Evolution of circulating thyroid hormone levels in preterm infants during the first week of life: perinatal influences and impact on neurodevelopment

Abstract

Abstract Background For several decades, transient hypothyroxinemia of prematurity (THOP) has been a topic of debate. The pathophysiology is incompletely understood and consensus on the therapeutic approach is lacking. This study aimed at gaining a better insight into the pathogenesis by studying the trends in thyroid hormone (TH) levels during the first week of life. Methods This single-center prospective observational study analyzed the plasma levels of total thyroxine (T4) and free thyroxine (fT4), total triiodothyronine (T3), thyroid-stimulating hormone (TSH) and T4-binding globulin (TBG) in cord blood and at the end of the first week of life in 120 preterm infants (gestational age [GA] <37 weeks). The change over time was calculated (delta, ∆).
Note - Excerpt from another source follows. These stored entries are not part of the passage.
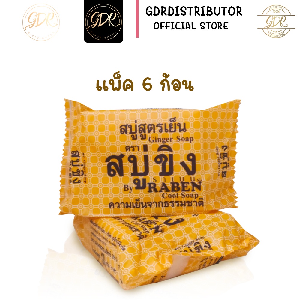 (แพ็ค6ก้อน) สบู่ราเบน ขิงสูตรเย็น สบู่ขิง ราเบน Ginger soap 130g. Raben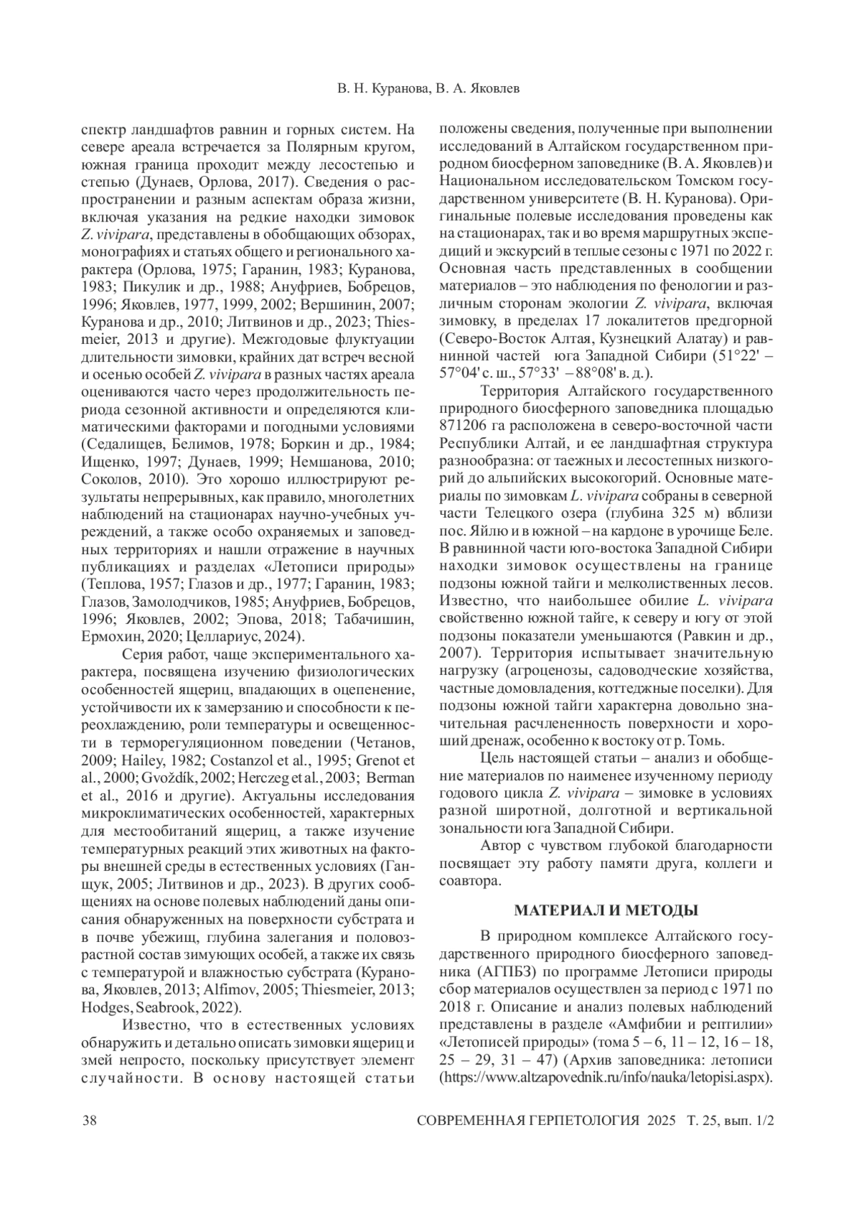 19. Куранова В. Н., Яковлев В. А. 2013. Некоторые аспекты гибернации живородящей ящерицы Lacerta vivipara // Фундаментальные и прикладные исследования и образовательные традиции в зоологии: материалы Международной научной конференции. Томск: Издательский Дом Томского государственного университета. С. 68.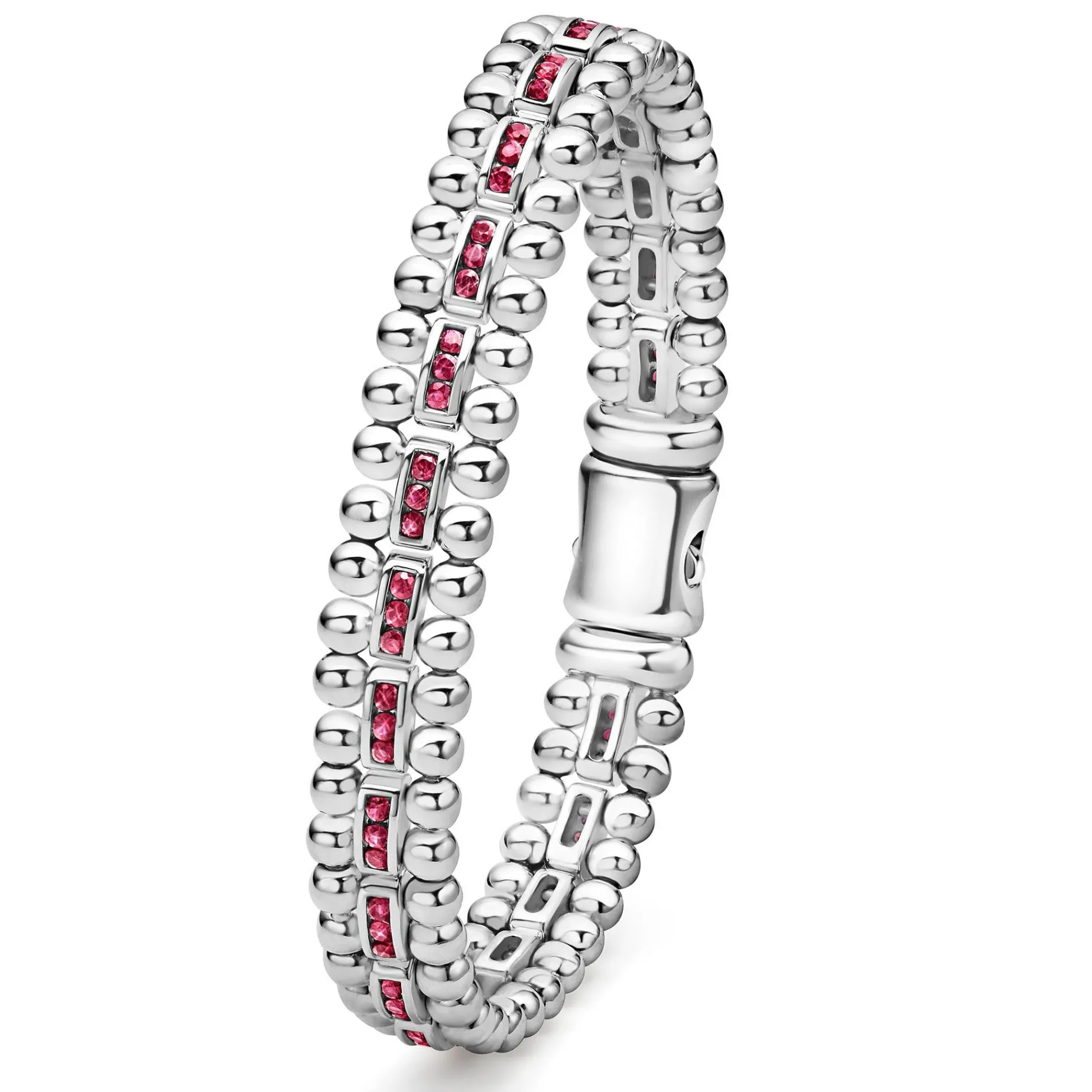 A Lagos Exclusive. Sterling Silver Caviar Link Bracelet With Precious Ruby Gemstone Detailing.

The impact of perinatal and subsequently postnatal variables on ∆ was studied by hierarchical multiple regression. The impact of ∆ on the neurodevelopmental outcome at the corrected ages of 9 and 24 months, measured by the Bayley Scales of Infant Development (BSID)-II, was assessed by logistic regression. Results ∆fT4 levels were negatively affected by GA and use of dopamine, whereas only GA was associated with low ∆T3 levels. Negative ∆fT4 levels were present in 75% of the extremely low-for-gestational-age infants, whereas 23.5% had a negative ∆T3 level. There was an increased risk for an abnormal mental developmental score (<85) with decreasing ∆T3 at 9 months, corrected age, but not at 24 months. Conclusions A negative evolution in circulating TH levels is principally an immaturity phenomenon, whereas dopamine can further suppress the hypothalamic-pituitary-thyroid axis. There is at least a temporary negative effect of this evolution on the infants’ neurodevelopment.